JPMorgan Chase & Co became the first bank on Tuesday to say regulators have completed stress tests of its balance sheet and approved a dividend increase and stock buybacks.

The bank said it will raise its quarterly dividend by a nickel to 30 cents and buy back as much as $12 billion of stock this year.

The announcement came two days before the Federal Reserve was originally scheduled to announce results of stress tests for 19 U.S. bank holding companies.

JPMorgan shares surged on the news and closed up more than 7 percent at $43.39.

The bank said in a statement that the Federal Reserve has informed the company that it did not object to its plans to distribute capital.

We are pleased to be in a position to increase our dividend and to establish a new equity repurchase program, chief executive Jamie Dimon said in the announcement. We expect to generate significant capital and deploy that capital to the benefit of our shareholders.
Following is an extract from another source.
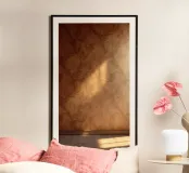 Elegantes abstraktes Wanddesign mit warmen Tönen und weichem Licht Hahnemühle
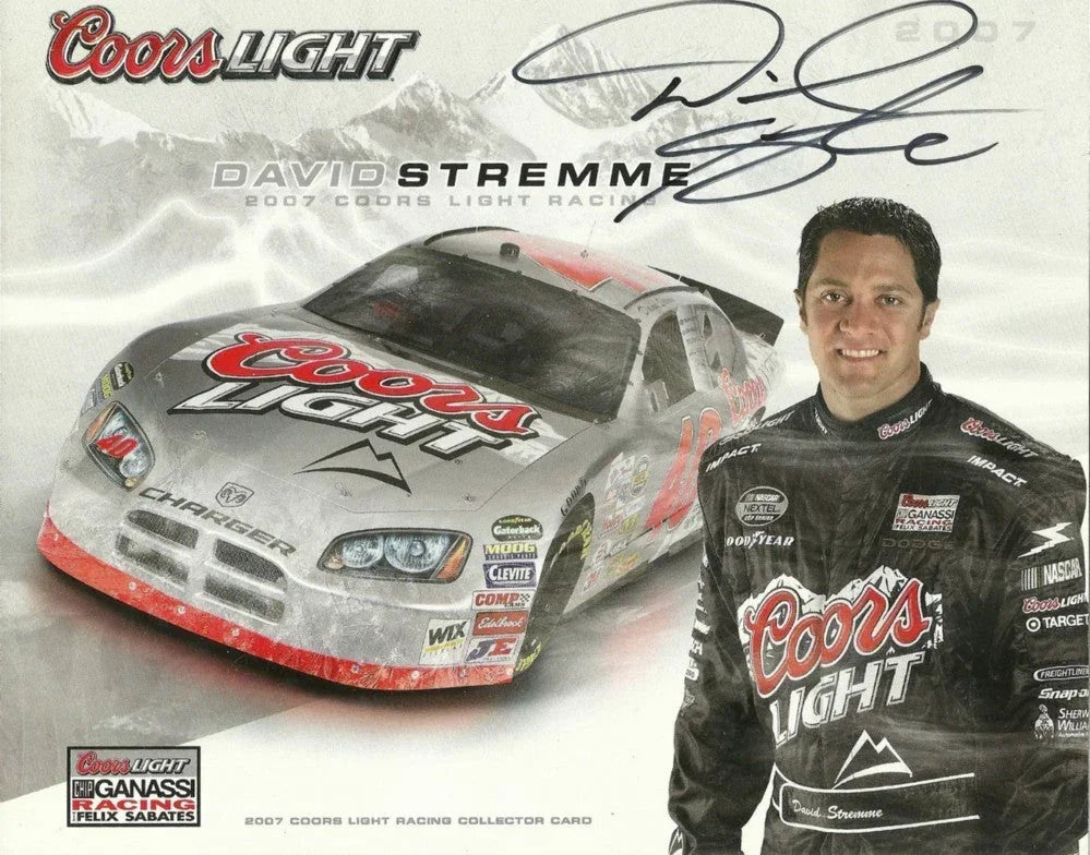 Celebrate NASCAR history with this exclusive David Stremme autographed 2007 Coors Light 8x10 photo card. Perfect for racing fans and collectors alike, this unique piece brings a touch of authentic motorsport memorabilia to your collection. Enhance your display with a genuine autographed racing 8x10 that captures a moment of NASCAR heritage.

Dimon has said in the past that many banks will have more capital than they need as customers pay back loans and losses from the financial crisis subside. While his view would seem to contradict requirements that banks meet higher capital thresholds by 2019, the approval of JPMorgan's distributions indicates regulators decided the bank has enough capital to make the payouts and meet the new thresholds.

The bank said it may not buyback all of the stock approved, depending on market conditions.